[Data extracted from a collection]
────────
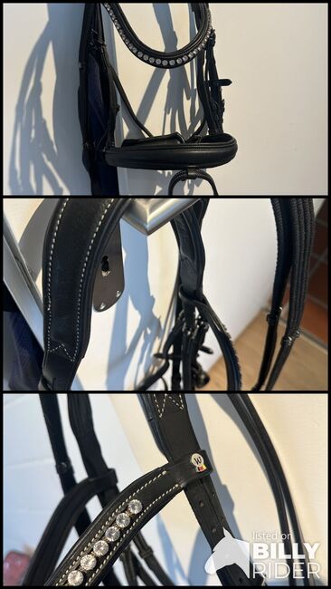 Nieuw hoofdstel voor paarden uit Waldhausen - Te koop is een nieuw paardenhoofdstel van Waldhausen: - X-Line Supersoft Joy - maat COB - zeer zacht leer - incl. nieuwe teugels - 1 steentje in de frontriem ontbreekt (uiterst links) Ik heb het hoofdstel nieuw gekocht en alleen op het paard gezet om te passen. Nieuwprijs is meer dan 90.
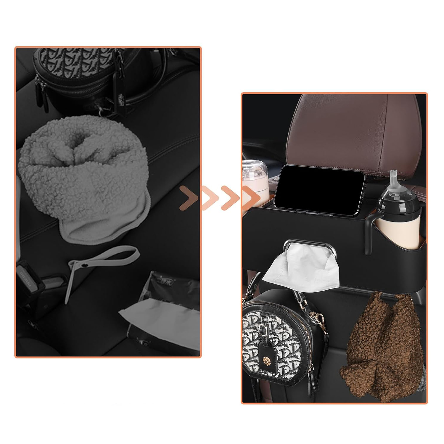 - Наш органайзер подголовника автокресла подходит для большинства транспортных средств. Car Hook, который не влияет на комфорт. li>
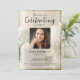 Um convite de celebração de vida lindo, apresentando a foto da pessoa amada e texto personalizado. O fundo apresenta velas brancas - calmo e tranquilo. (Você pode facilmente alterar a foto de fundo para a sua própria.) Clássico, mas único - este modelo é muito fácil de personalizar e também será uma lembrança maravilhosa de memorial.
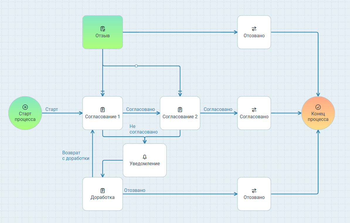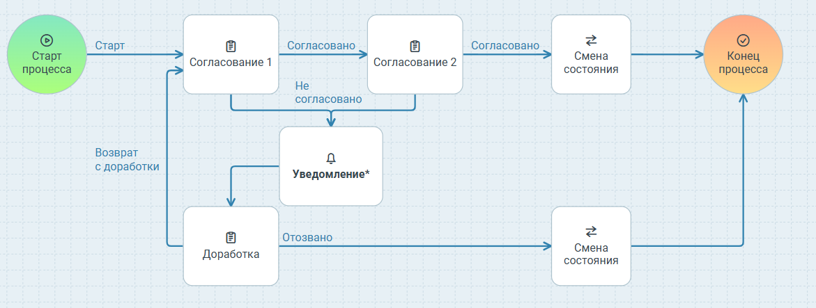 Также рекомендуется реализовать отправку уведомлений при получении задания на доработку. Это можно сделать, добавив новый узел с действием Уведомление перед узлом Доработка.
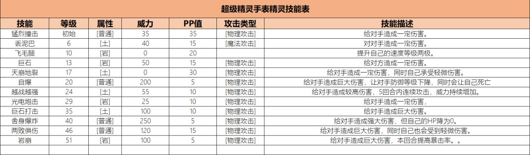 精灵解析:普通野生精灵,整体种族值偏低物攻物防优秀,不过拥有两大自爆神技配上高物攻,pve可以一用。
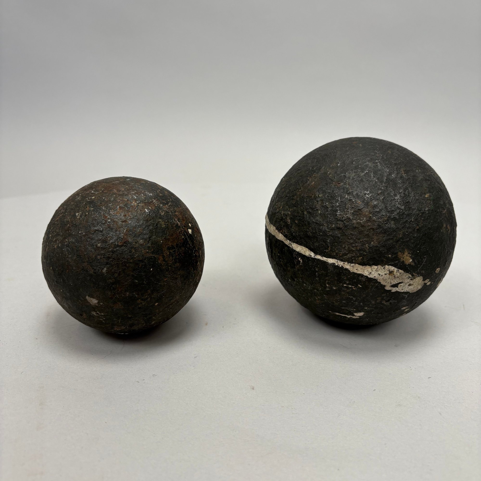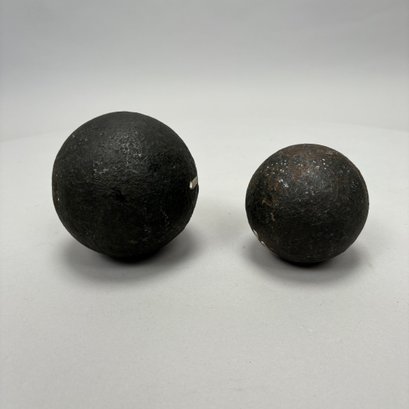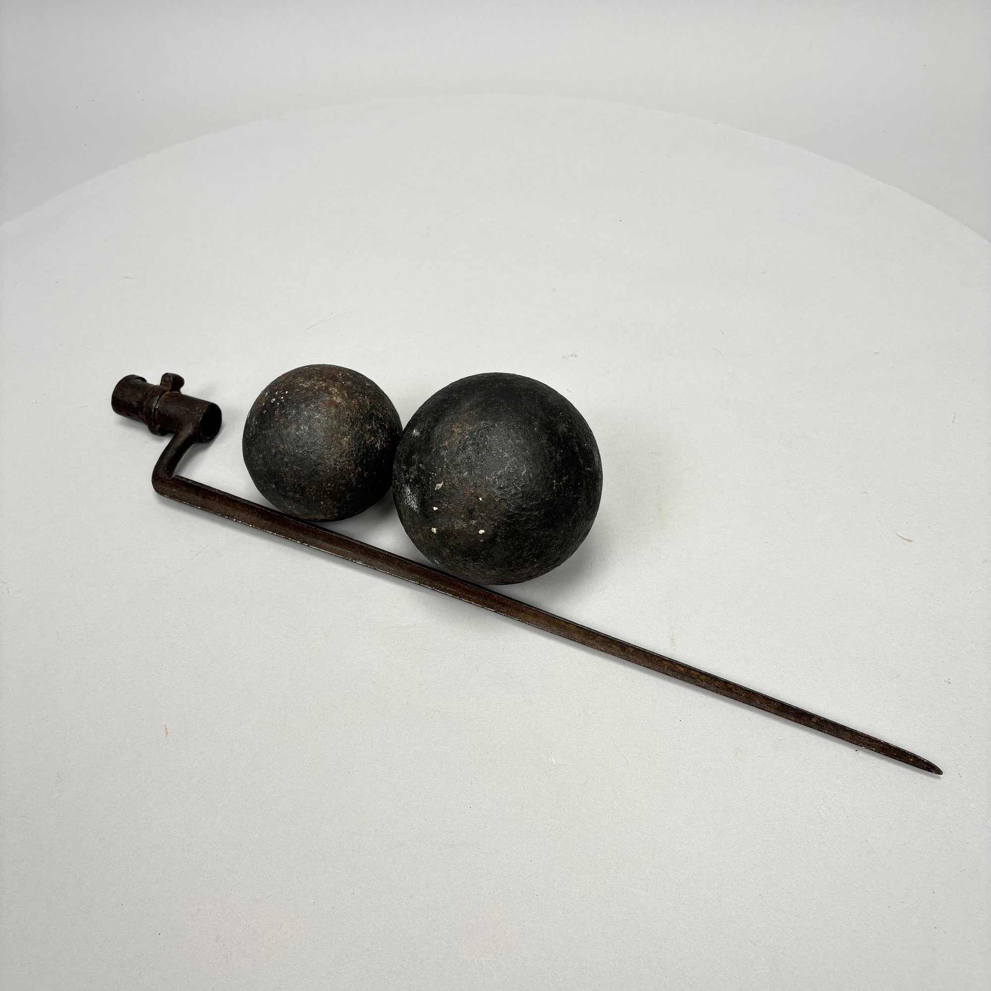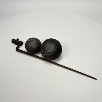 Two Cast-Iron Cannon Balls and a Bayonet.
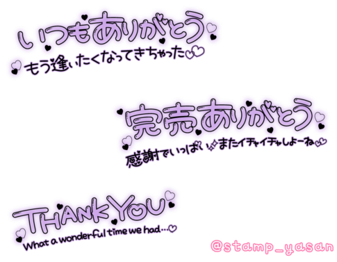 「いつもありがとう もう逢いたくなってきちゃった」「完売ありがとう 感謝でいっぱい またイチャイチャしよーね」「THANK YOU What a wonderful time we had…」のスタンプ
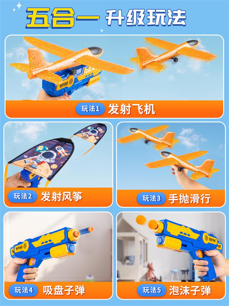 儿童弹射泡沫飞机发射器男孩女孩飞机枪玩具公园地摊
────────
Instructions for the task: The output should consist of every entry above, printed exactly, with the images removed.

Exercise response:
 Nieuw hoofdstel voor paarden uit Waldhausen - Te koop is een nieuw paardenhoofdstel van Waldhausen: - X-Line Supersoft Joy - maat COB - zeer zacht leer - incl. nieuwe teugels - 1 steentje in de frontriem ontbreekt (uiterst links) Ik heb het hoofdstel nieuw gekocht en alleen op het paard gezet om te passen. Nieuwprijs is meer dan 90.
 - Наш органайзер подголовника автокресла подходит для большинства транспортных средств. Car Hook, который не влияет на комфорт. li>
 Um convite de celebração de vida lindo, apresentando a foto da pessoa amada e texto personalizado. O fundo apresenta velas brancas - calmo e tranquilo. (Você pode facilmente alterar a foto de fundo para a sua própria.) Clássico, mas único - este modelo é muito fácil de personalizar e também será uma lembrança maravilhosa de memorial.
 Также рекомендуется реализовать отправку уведомлений при получении задания на доработку. Это можно сделать, добавив новый узел с действием Уведомление перед узлом Доработка.
 精灵解析:普通野生精灵,整体种族值偏低物攻物防优秀,不过拥有两大自爆神技配上高物攻,pve可以一用。
 Two Cast-Iron Cannon Balls and a Bayonet.
 「いつもありがとう もう逢いたくなってきちゃった」「完売ありがとう 感謝でいっぱい またイチャイチャしよーね」「THANK YOU What a wonderful time we had…」のスタンプ
 儿童弹射泡沫飞机发射器男孩女孩飞机枪玩具公园地摊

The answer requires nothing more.